EXTRACTED RECORDS:

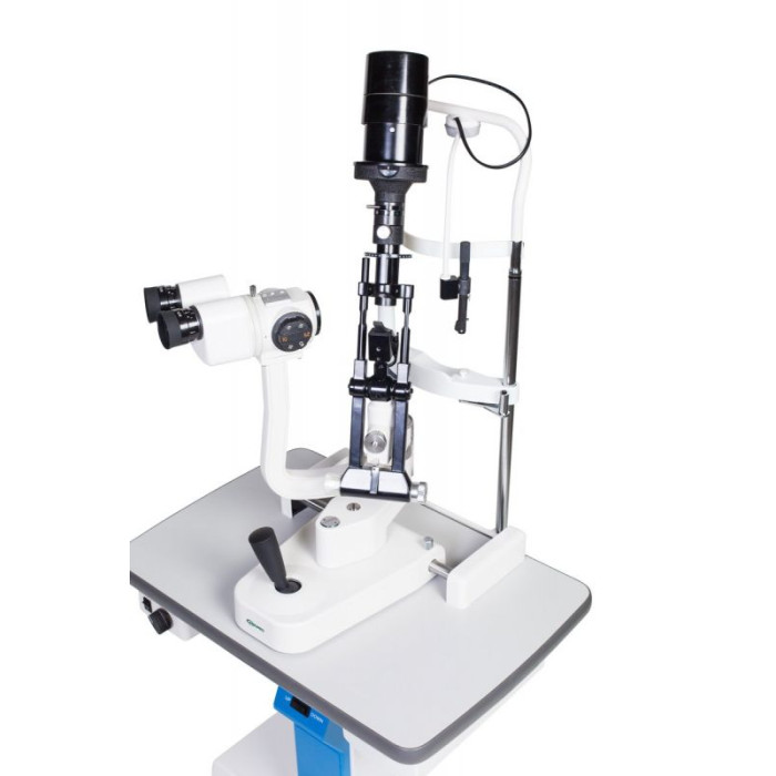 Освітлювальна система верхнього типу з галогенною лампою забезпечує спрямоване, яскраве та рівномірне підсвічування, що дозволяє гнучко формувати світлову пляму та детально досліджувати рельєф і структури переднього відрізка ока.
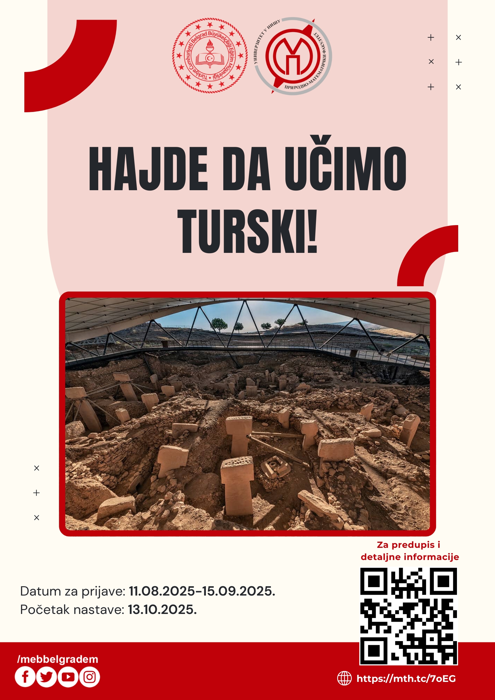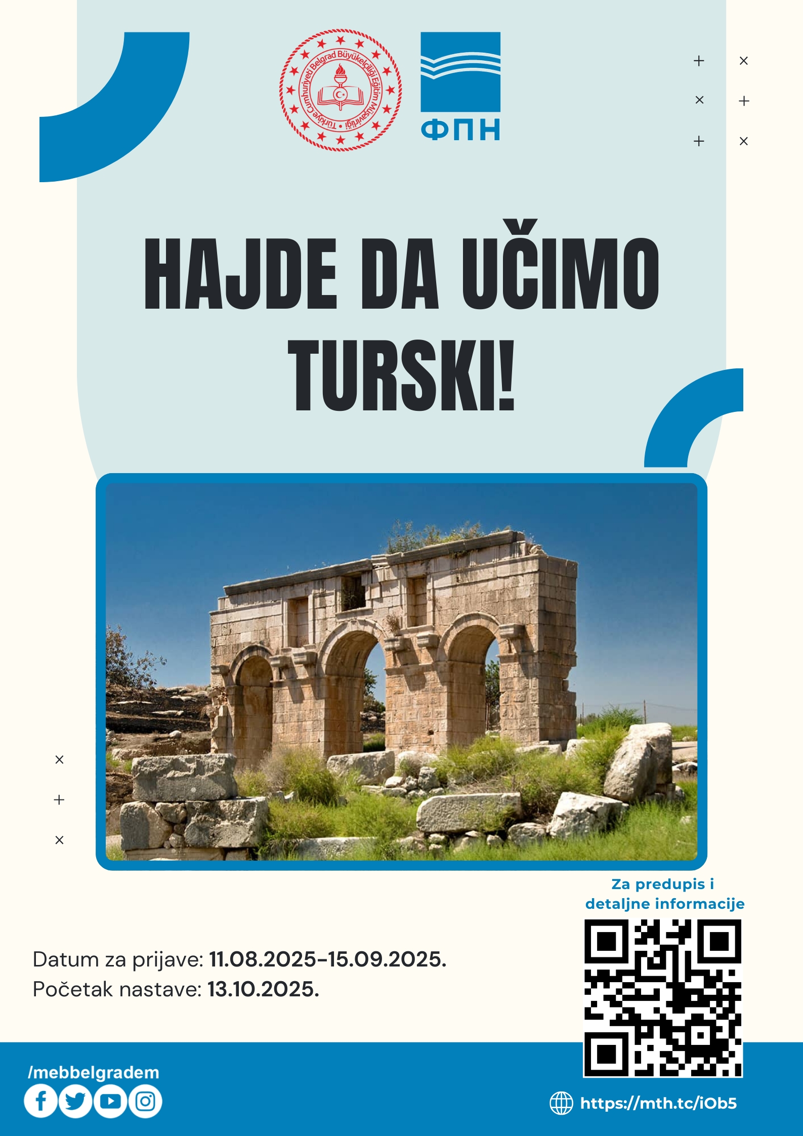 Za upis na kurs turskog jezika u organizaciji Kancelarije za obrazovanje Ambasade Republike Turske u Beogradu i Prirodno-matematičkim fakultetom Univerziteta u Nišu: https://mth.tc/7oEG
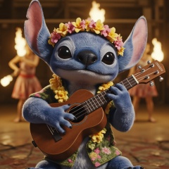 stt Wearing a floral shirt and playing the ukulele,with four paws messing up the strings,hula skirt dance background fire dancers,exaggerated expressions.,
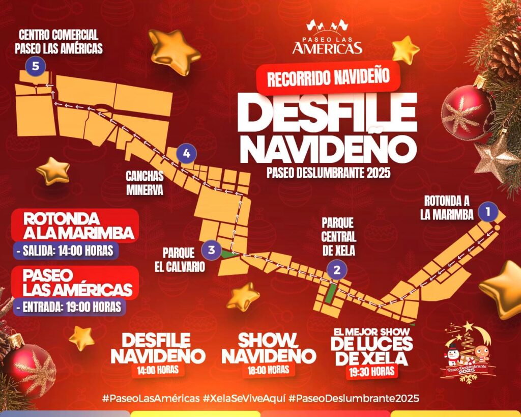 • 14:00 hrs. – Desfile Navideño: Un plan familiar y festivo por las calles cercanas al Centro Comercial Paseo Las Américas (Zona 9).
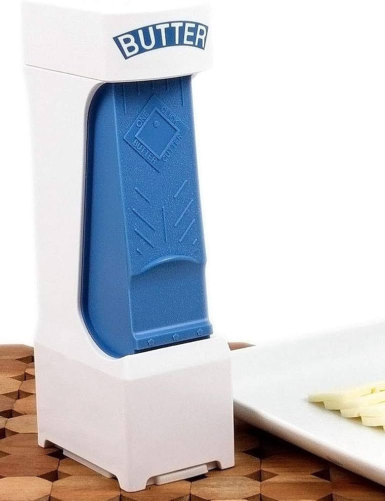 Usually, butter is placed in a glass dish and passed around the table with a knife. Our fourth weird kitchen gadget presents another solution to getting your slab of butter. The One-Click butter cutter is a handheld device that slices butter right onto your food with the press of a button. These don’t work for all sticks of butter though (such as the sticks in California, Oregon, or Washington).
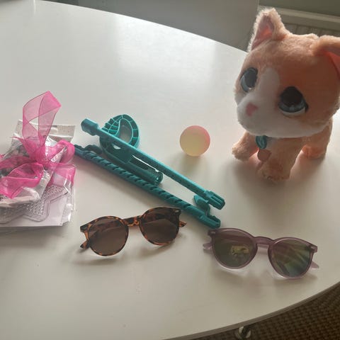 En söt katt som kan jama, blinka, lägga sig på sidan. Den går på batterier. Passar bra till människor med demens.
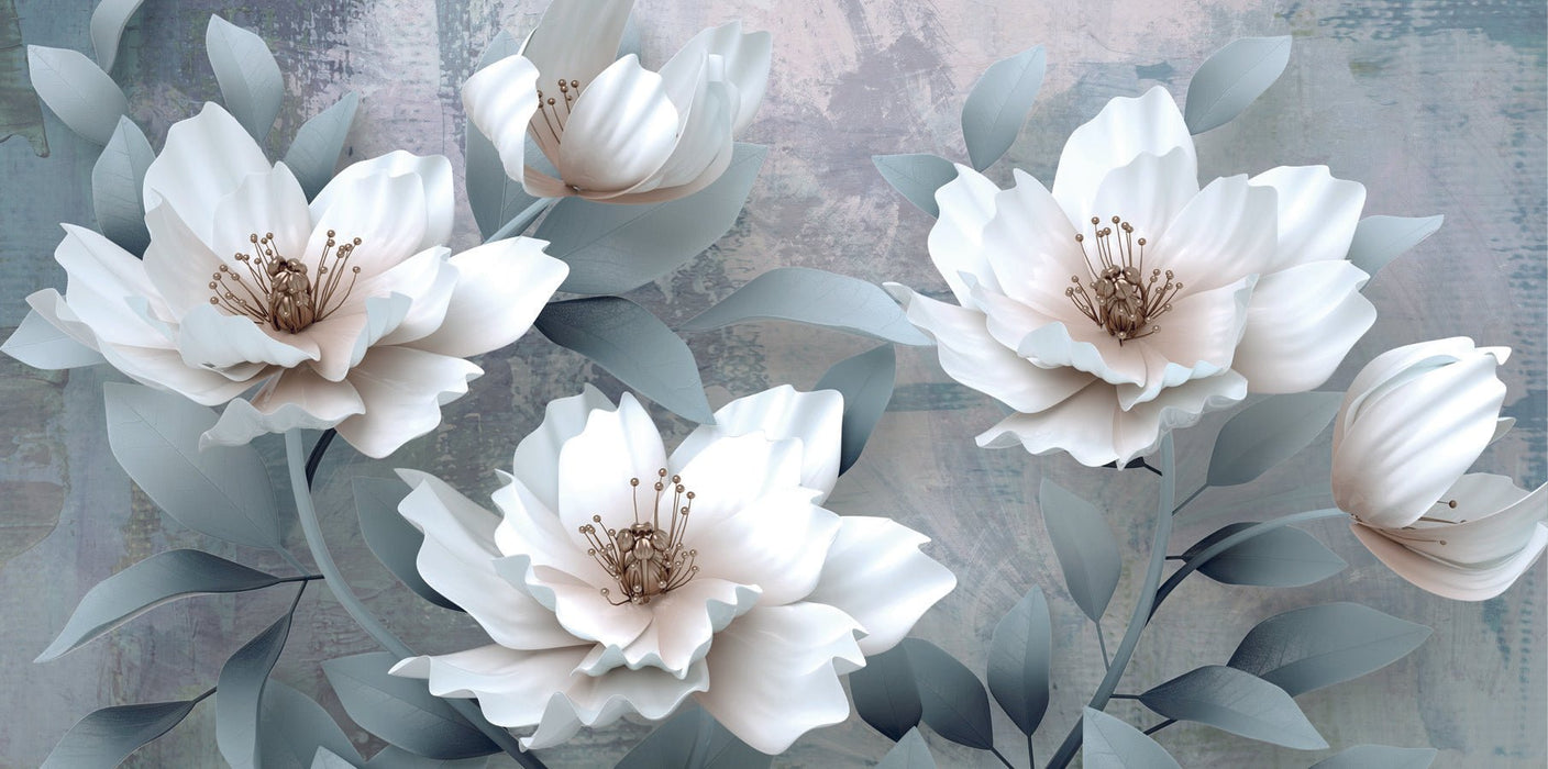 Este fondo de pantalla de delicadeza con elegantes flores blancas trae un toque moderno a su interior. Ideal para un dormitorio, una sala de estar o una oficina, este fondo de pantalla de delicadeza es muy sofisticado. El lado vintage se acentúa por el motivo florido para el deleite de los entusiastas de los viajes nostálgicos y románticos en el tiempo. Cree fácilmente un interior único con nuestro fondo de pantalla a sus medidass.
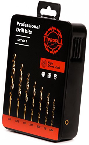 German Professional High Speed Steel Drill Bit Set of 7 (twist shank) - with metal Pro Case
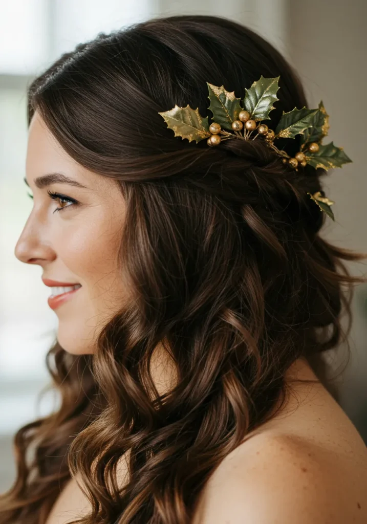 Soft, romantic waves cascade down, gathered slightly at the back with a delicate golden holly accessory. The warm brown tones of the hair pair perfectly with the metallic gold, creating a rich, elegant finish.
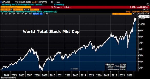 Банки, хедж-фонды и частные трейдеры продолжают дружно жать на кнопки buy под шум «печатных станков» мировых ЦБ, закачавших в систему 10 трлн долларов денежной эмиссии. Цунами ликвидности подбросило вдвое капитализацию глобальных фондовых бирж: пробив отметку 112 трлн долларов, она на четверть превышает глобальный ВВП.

WHAT TO PRODUCE: What is needed is an exact copy of only the lines above from the one with "Usually, butter is" to the one with "En söt katt", both kept, with every picture left out.

FINISHED TASK:
 Usually, butter is placed in a glass dish and passed around the table with a knife. Our fourth weird kitchen gadget presents another solution to getting your slab of butter. The One-Click butter cutter is a handheld device that slices butter right onto your food with the press of a button. These don’t work for all sticks of butter though (such as the sticks in California, Oregon, or Washington).
 En söt katt som kan jama, blinka, lägga sig på sidan. Den går på batterier. Passar bra till människor med demens.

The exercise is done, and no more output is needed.